Emit a verbatim copy of the lines below from the line with "This adorable set" through the line with "appear, press [Finish", excluding pictures and everything outside that range.

### EXTRACTED MATERIAL

________________________

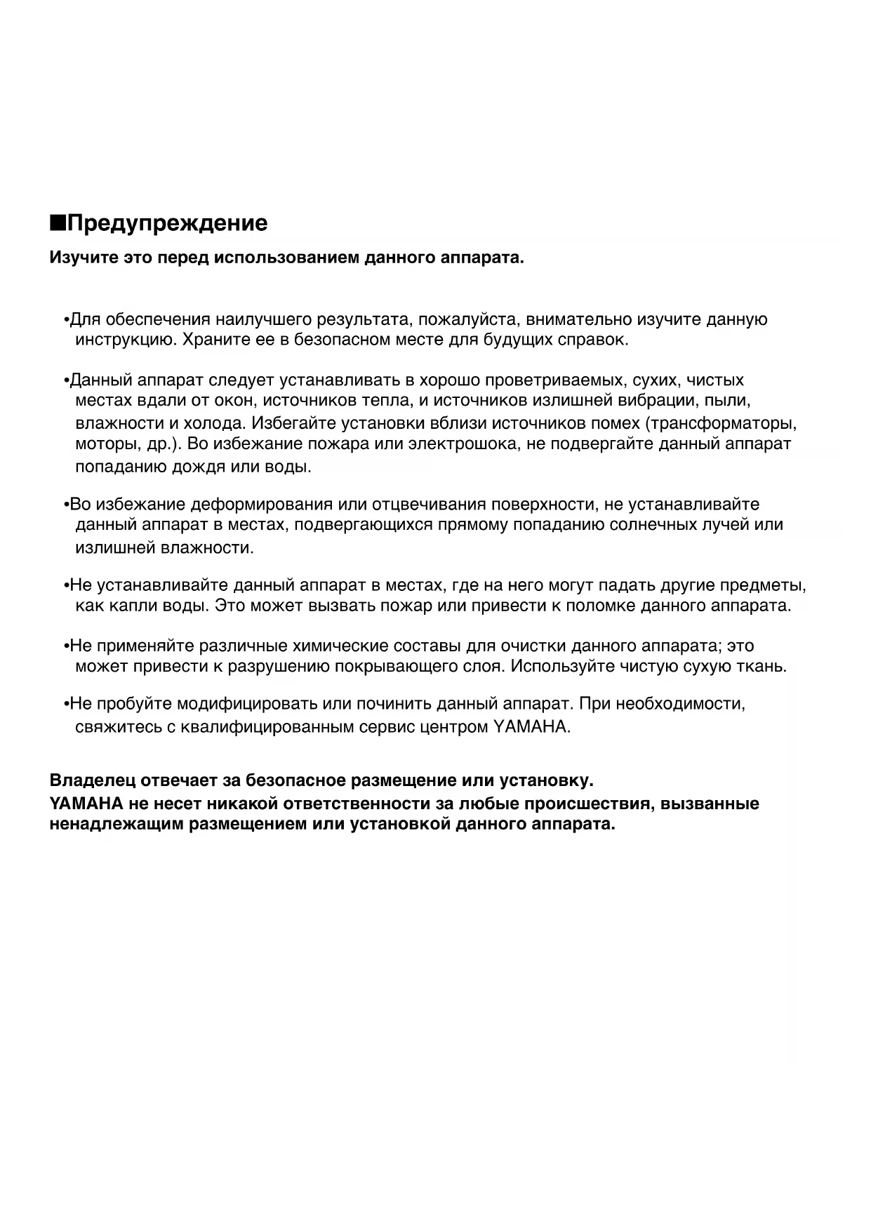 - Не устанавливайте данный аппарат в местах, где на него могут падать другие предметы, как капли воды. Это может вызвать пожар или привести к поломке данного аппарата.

________________________

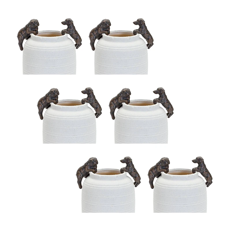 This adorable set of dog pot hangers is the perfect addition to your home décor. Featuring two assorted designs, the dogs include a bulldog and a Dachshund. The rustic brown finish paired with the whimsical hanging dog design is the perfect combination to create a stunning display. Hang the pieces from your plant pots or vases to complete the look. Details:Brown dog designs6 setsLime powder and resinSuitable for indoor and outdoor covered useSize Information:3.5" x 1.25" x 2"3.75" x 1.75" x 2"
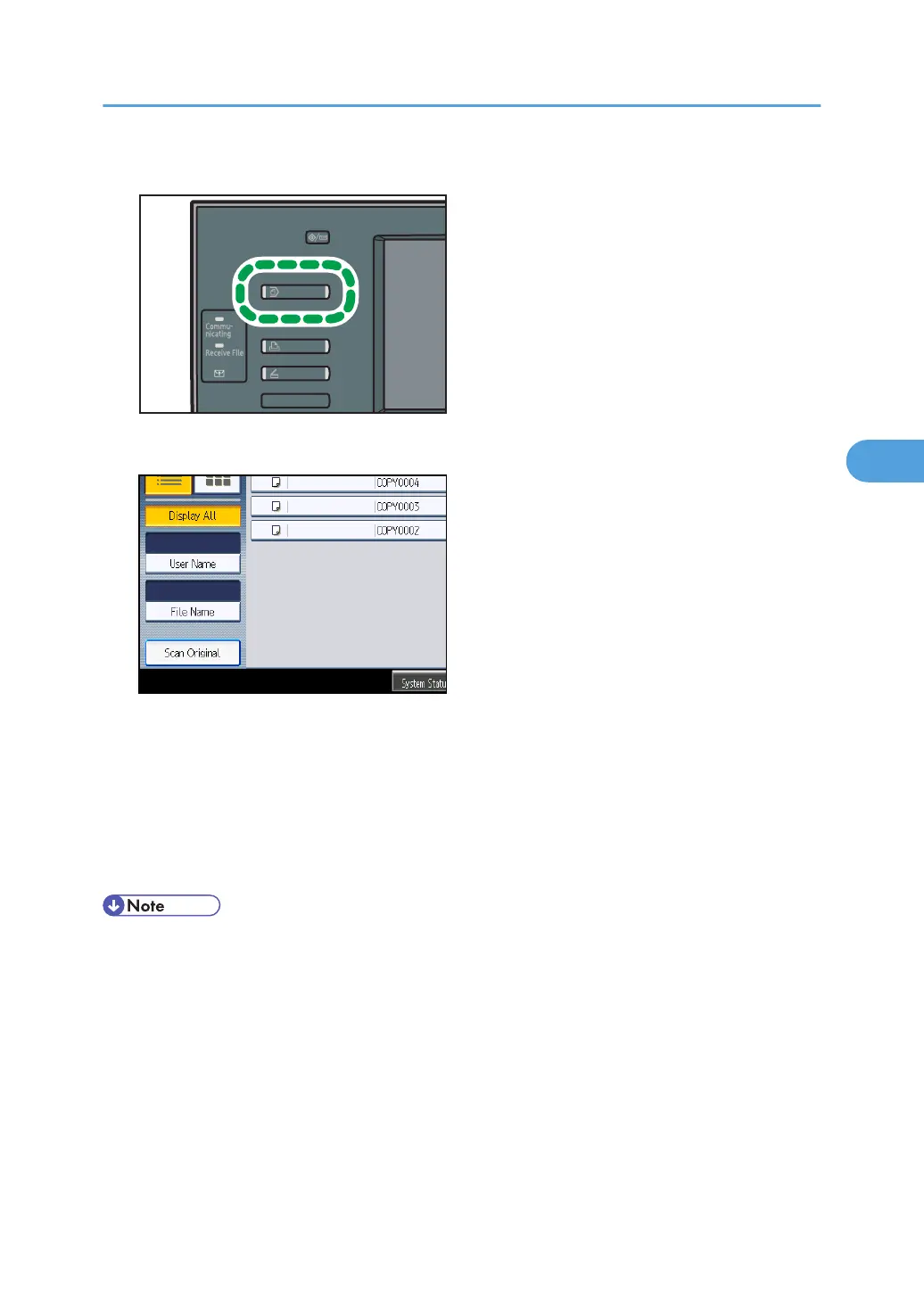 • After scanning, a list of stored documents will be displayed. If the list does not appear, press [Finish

________________________

### SOLUTION TO THIS PROBLEM
 This adorable set of dog pot hangers is the perfect addition to your home décor. Featuring two assorted designs, the dogs include a bulldog and a Dachshund. The rustic brown finish paired with the whimsical hanging dog design is the perfect combination to create a stunning display. Hang the pieces from your plant pots or vases to complete the look. Details:Brown dog designs6 setsLime powder and resinSuitable for indoor and outdoor covered useSize Information:3.5" x 1.25" x 2"3.75" x 1.75" x 2"
 • After scanning, a list of stored documents will be displayed. If the list does not appear, press [Finish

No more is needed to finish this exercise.